United States v. Robert Lee Booker

MeCREE, Circuit Judge

(concurring).

I concur in the result reached by the court, but I disagree with the determination that flashing the light into the rear of the automobile did not constitute a search. A person seated in a darkened automobile at night has a right to rely upon the privacy afforded by those circumstances.

What a person knowingly exposes to the public, even in his own home or office, is not a subject of Fourth Amendment protection. . . . But what he seeks to preserve as private, even in an area accessible to the pub-*993lie, may be constitutionally protected. [Citations omitted.]

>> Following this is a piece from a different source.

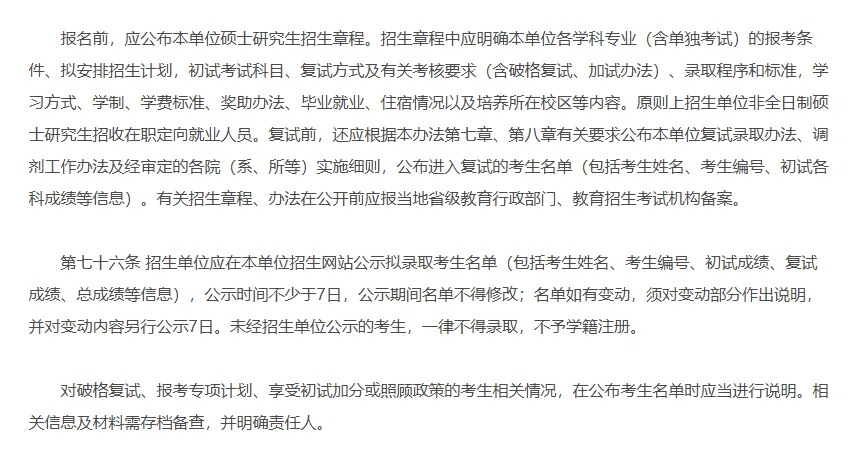 《26年新规》对于复试和录取阶段的信息公开要求更加细致,招生单位要统一公布招生人数、复试考生名单(包括考生姓名、考生编号、初试各科成绩等)等信息;统一公示拟录取考生名单(包括考生姓名、考生编号、初试成绩、复试成绩、总成绩等信息)。

Katz v. United States, 389 U.S. 347, 351-352, 88 S.Ct. 507, 511, 19 L.Ed.2d 576 (1967). However, under all the circumstances of this case. I regard the limited invasion of appellants’ privacy by the illumination of the automobile’s interior as reasonable. See Terry v. Ohio, 392 U.S. 1, 21-22, 88 S.Ct. 1868, 1880, 20 L.Ed.2d 889 (1968), in which the Supreme Court stated that:

. in making that assessment it is imperative that the facts be judged against an objective standard: would the facts available to the officer at the moment of the seizure or the search “warrant a man of reasonable caution in the belief” that the action taken was appropriate? [Citations omitted.]